“Historically based on the refined aesthetic of the tea ceremony, the ochaya embodies the best of traditional Japanese architecture and interior design. Each room must have a tatami floor and a tokonoma [alcove] replete with the appropriate monthly scroll and a suitable arrangement of flowers in a suitable vase. These amenities are completely changed for each customer.
“At some point the geiko [artistic geisha] perform. There are basically two kinds of geiko, a tachikata and a jikata. A tachikata is a main performer. She is trained to dance and play an instrument other than the shamisen, such as the flute or the hand drum. A jikata is an accompanist who is trained to play the shamisen and sing.”

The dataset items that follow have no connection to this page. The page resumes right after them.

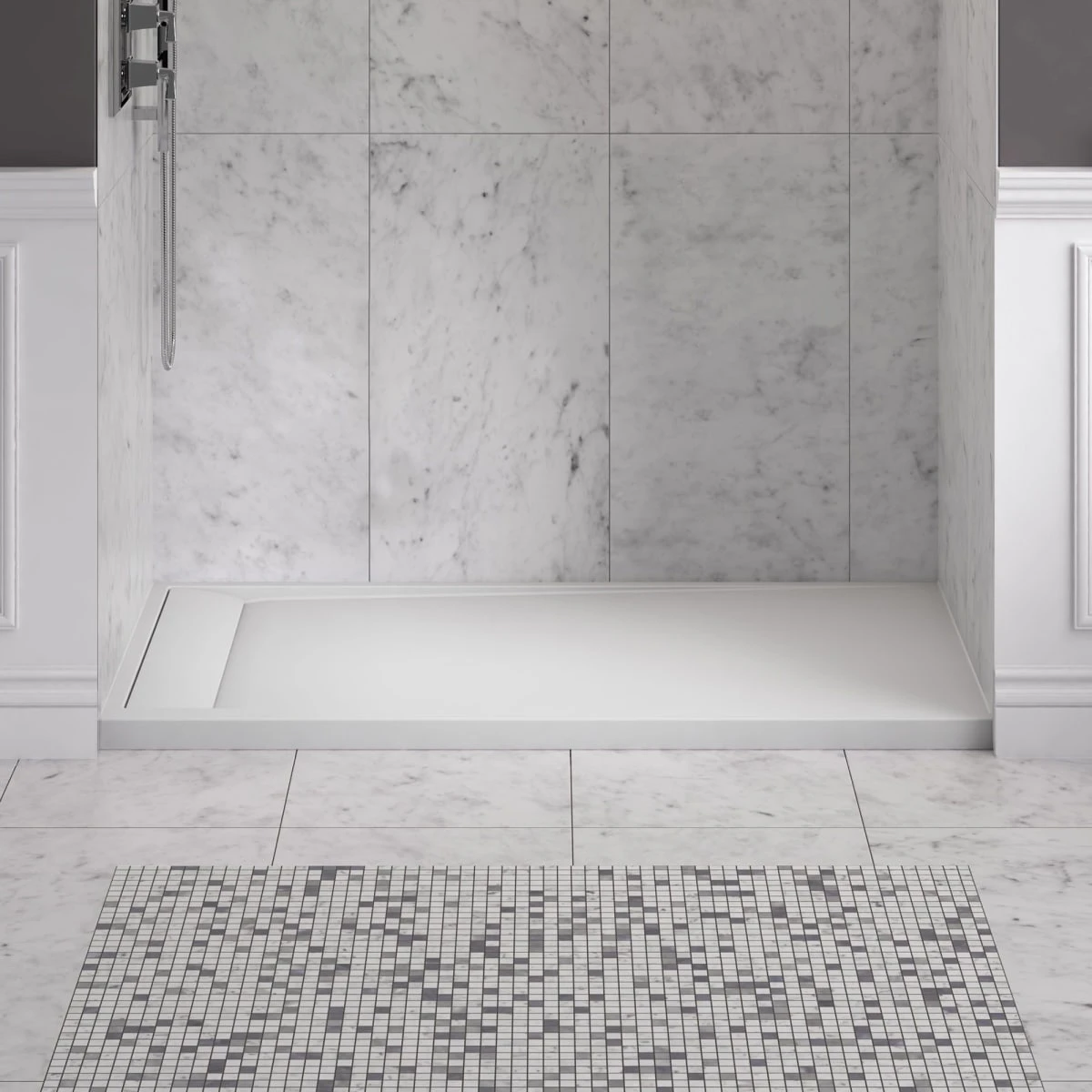 The Townsend 60×36-inch Solid Surface Shower Base by American Standard provides a fresh, upscale option for the perfect shower space. Made from a durable, 100% solid, non-porous material with a smooth matte surface, this shower base offers the same high-quality material throughout its thickness, and is absolutely seamless. Solid surface material is non-porous, which means it is not prone to harboring bacteria or mold, for a shower base that is easily kept clean. Our amazing solid surface material can also be sanded down to remove any chips or scratches over time, without causing any damage to the look or quality of the base.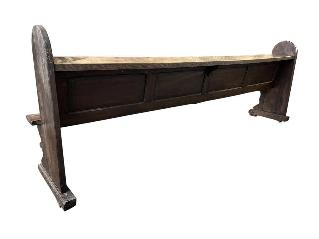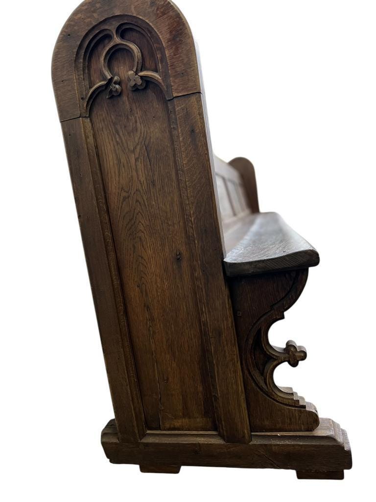 300 x 61 x 105 h, zithoogte 48,5 cm , 19de eeuwse kerkbank in gotische stijl, massief eik, vermoedelijk zelfs van voor 1850 gezien men groot. deel met houten slagpinnen heeft gedaan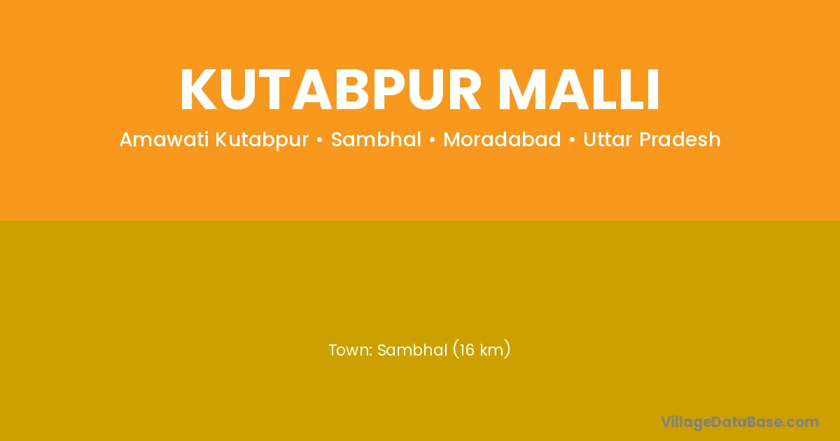 Sambhal (16 km) is the nearest town to Kutabpur Malli village for major economic activities and is located approximately 16 km away.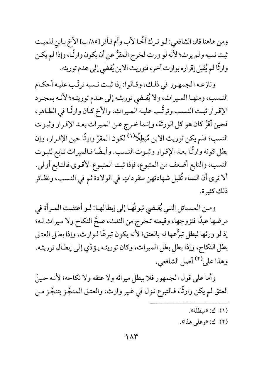 ونازعه الجمهور في ذلك، وقالوا: إذا ثبت نسبه ترتّب عليه أحكام النسب، ومنها الميراث، ولا يُفضي توريثه إلى عدم توريثه؛ لأنه بمجرد الإقرار ثبت النسب وترتَّب عليه الميراث، والأخ كان وارثًا في الظاهر، فحين أقرَّ كان هو كل الورثة، وإنما خرج عن الميراث بعد الإقرار وثبوت النسب؛ فلم يكن توريث الابن مُبطِلًا (¬١) لكون المقرّ وارثًا حين الإقرار، وإن بطل كونه وارثًا بعد الإقرار وثبوت النسب. وأيضًا فالميراث تابع لثبوت النسب، والتابع أضعف من المتبوع، فإذا ثبت المتبوع الأقوى فالتابع أولى. ألا ترى أن النساء تُقبل شهادتهن منفرداتٍ في الولادة ثم في النسب، ونظائر ذلك كثيرة.
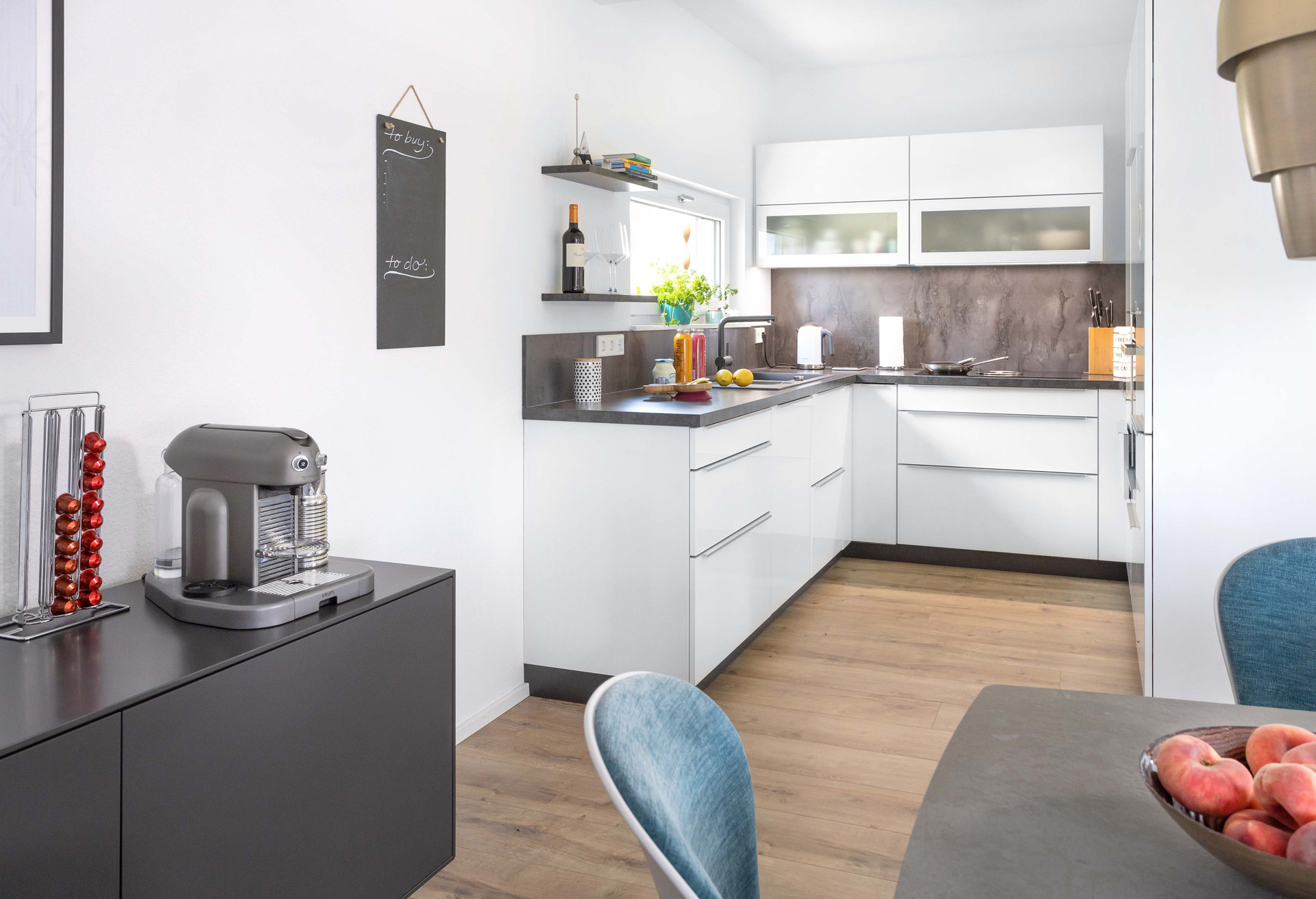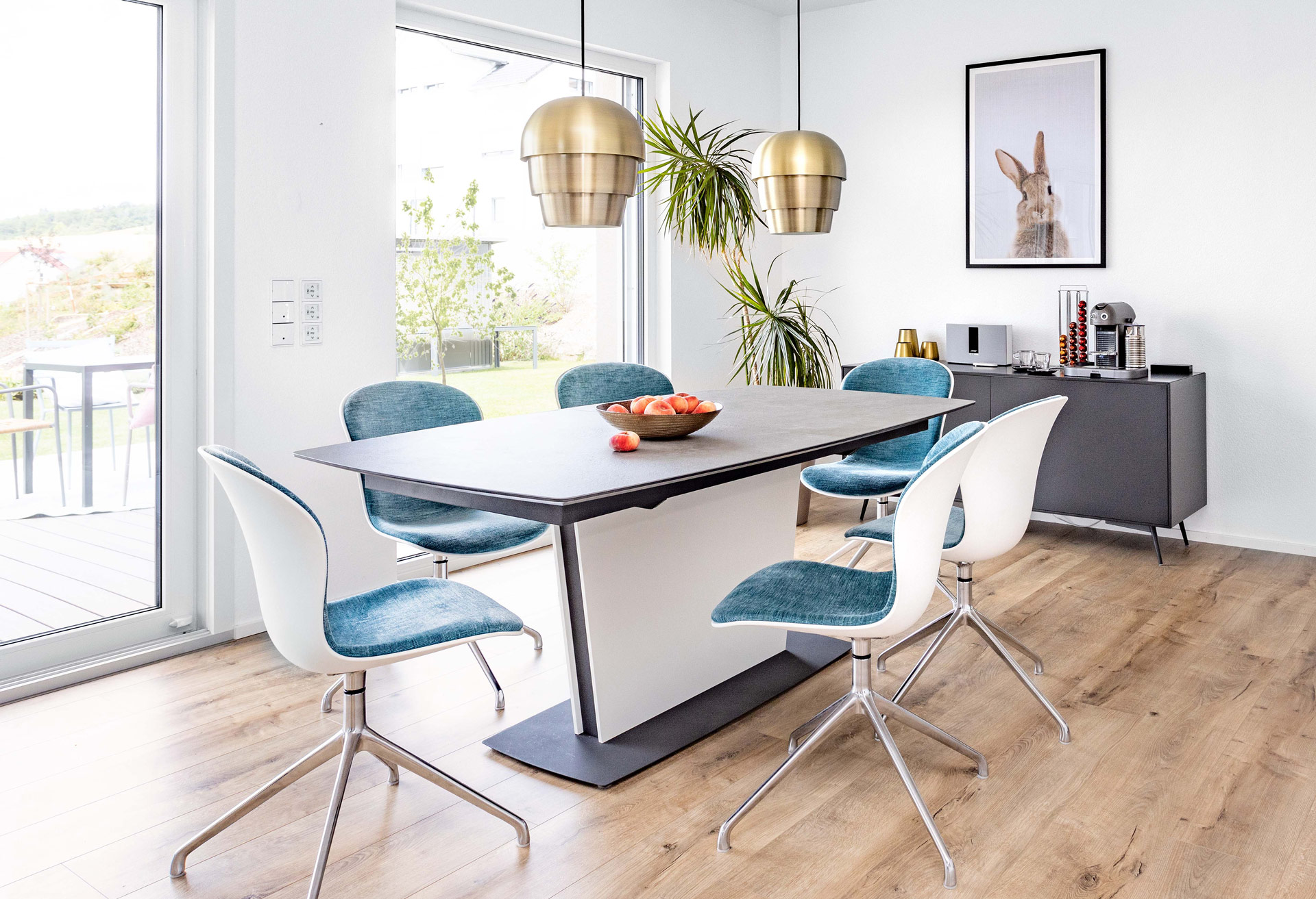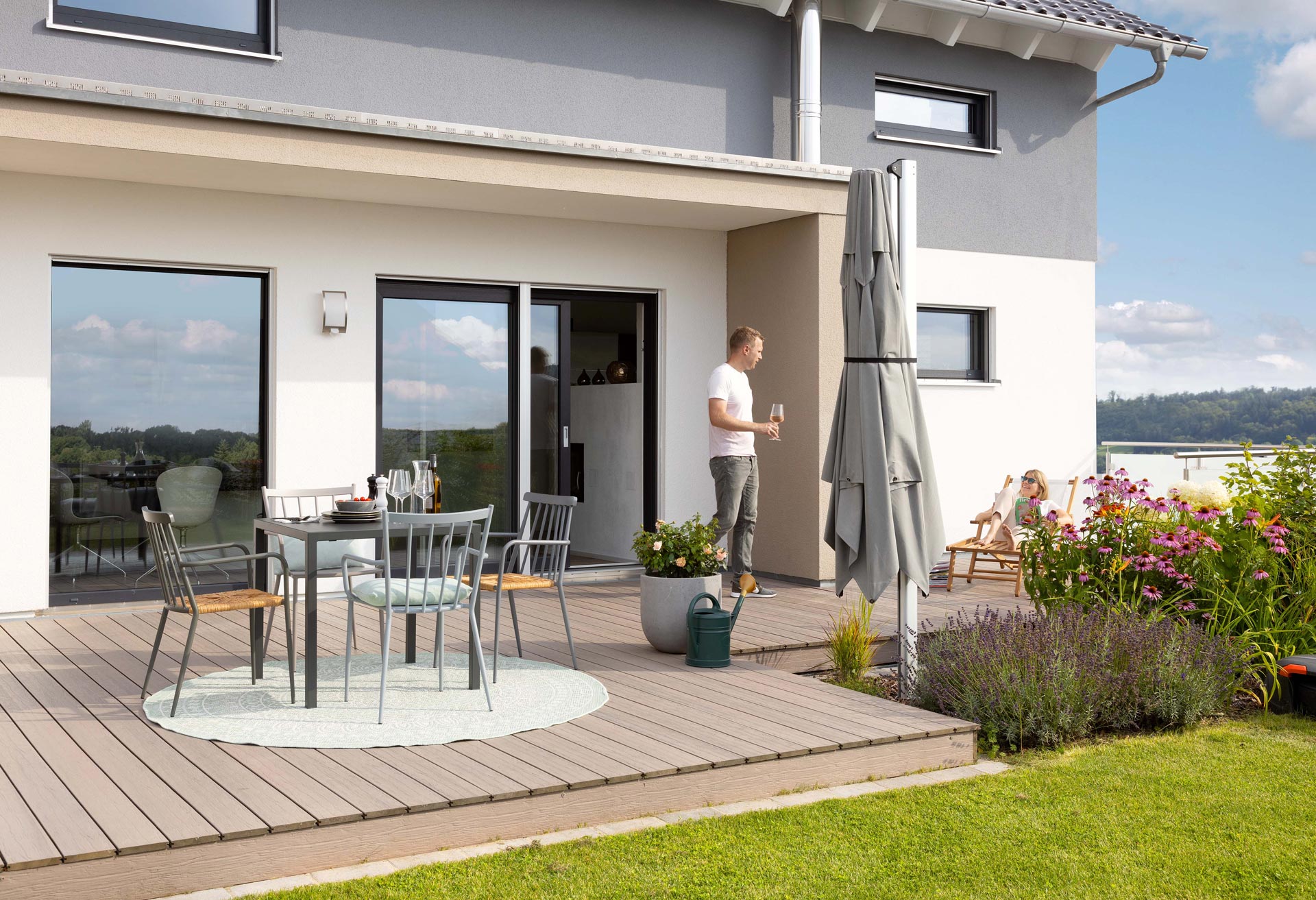 Familie Schneider war überrascht, wie viele gestalterische Optionen sich ihnen bei Planung und Einrichtung ihres Schwörer-Hauses boten. Selbst den Grundriss konnten sie an ihre Wohnvorstellungen anpassen. Über die in ihrer Farbe abgesetzten Stockwerke bekommt das am Hang gelegenen Haus harmonische Proportionen. Dezente Akzente setzen die unterschiedlichen Fensterformate und der feststehende Sonnenschutz, der die Terrasse buchstäblich einrahmt und gleichzeitig einen sichtgeschützten Bereich zum Sonnenbaden schafft.

– Geisha: A Life, Mineko Iwasaki, 2003
From the wiki: “In Japan, an ocha-ya (literally. ‘tea-house’) is an establishment where patrons are entertained by geisha. Ochaya, where geisha entertain, should be distinguished from okiya [boarding house], where geisha live. Though the term ochay means ‘tea house’, they do not serve tea, except incidentally (as an ordinary beverage); buildings or rooms for Japanese tea ceremony are instead known as chashitsu (literally, ‘tea room’). Ochaya are typically very exclusive establishments – with very rare exceptions, one may only enter if one is an established patron, or accompanied by a patron, with reservations.
“Relationships to ochaya can often be traced back generations, and are generally associated with a family or company. Switching ochaya is not generally possible, and even patronizing ochaya other than the one with which one is associated is considered a very serious breach of manners. Ochaya cater to a discreet clientele, and thus do not present a particularly conspicuous front, but nor are they particularly secretive as to their location. Ochaya are generally located on or near the main streets of their geisha district, and will generally have the name at the entrance, with an entrance curtain (noren) and front garden in larger houses.”